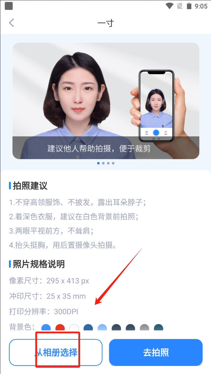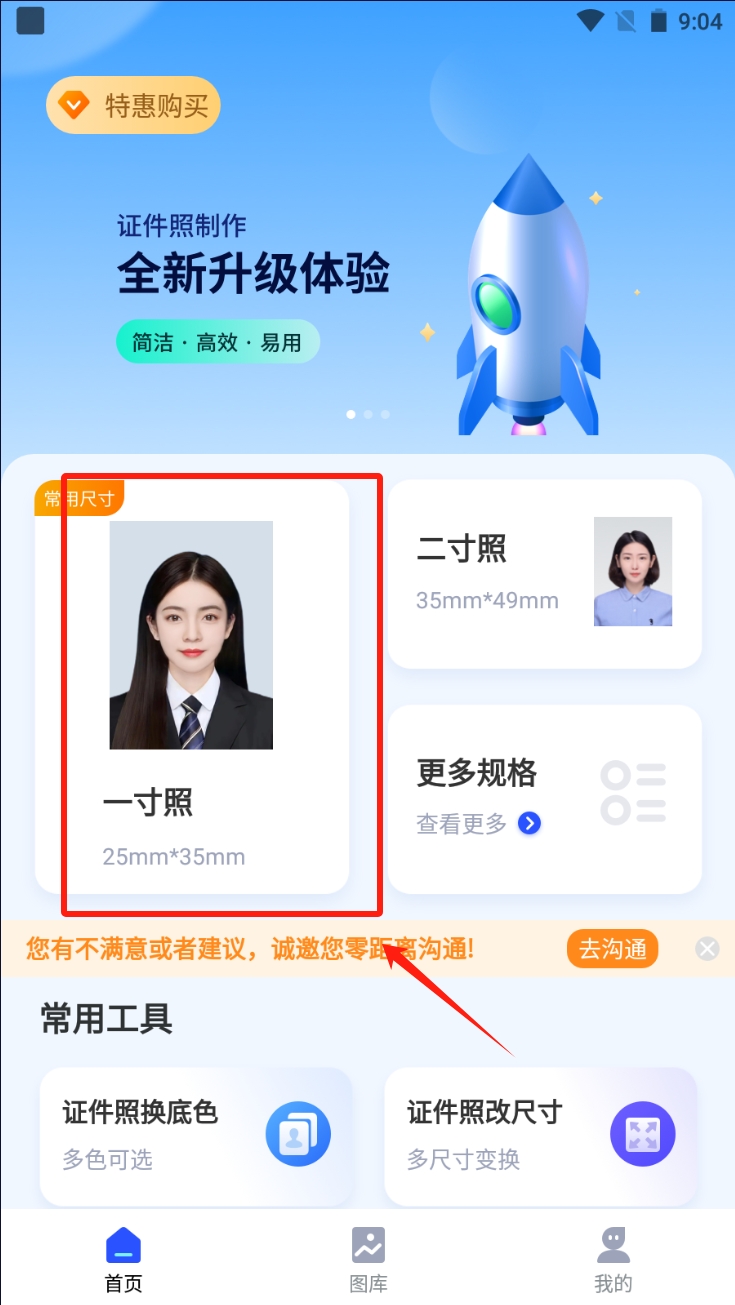 1、选择证件照尺寸、在首页选择“一寸照”或“二寸照”等常用尺寸,点击“更多规格”查看其他尺寸。
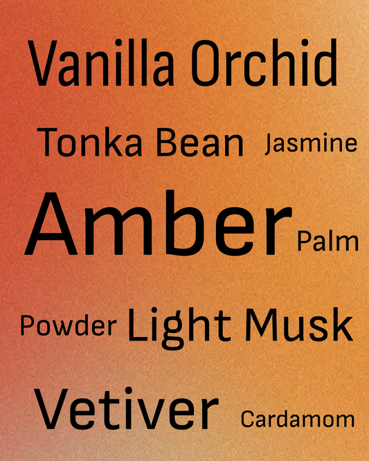 Base: Amber & Musk, Cedarwood & Vetiver, Creamy Vanilla, Powder
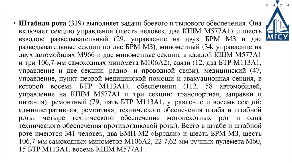 • Штабная рота (319) выполняет задачи боевого и тылового обеспечения. Онавключает секцию управления (шесть человек, две КШМ М577А1) и шесть
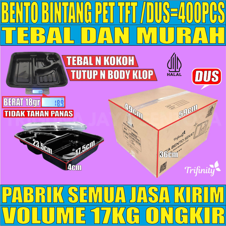 Mika Bento PET Dus Trifinity 400pcs Bintang 4 Sekat Tebal 29gr L2113T4H10B10 smb

####################

(WHAT THE TASK REQUIRES): Write out all the material verbatim, images excluded.

(COMPLETED EXERCISE):
 1、选择证件照尺寸、在首页选择“一寸照”或“二寸照”等常用尺寸,点击“更多规格”查看其他尺寸。
 Base: Amber & Musk, Cedarwood & Vetiver, Creamy Vanilla, Powder
 • Штабная рота (319) выполняет задачи боевого и тылового обеспечения. Онавключает секцию управления (шесть человек, две КШМ М577А1) и шесть
 Mika Bento PET Dus Trifinity 400pcs Bintang 4 Sekat Tebal 29gr L2113T4H10B10 smb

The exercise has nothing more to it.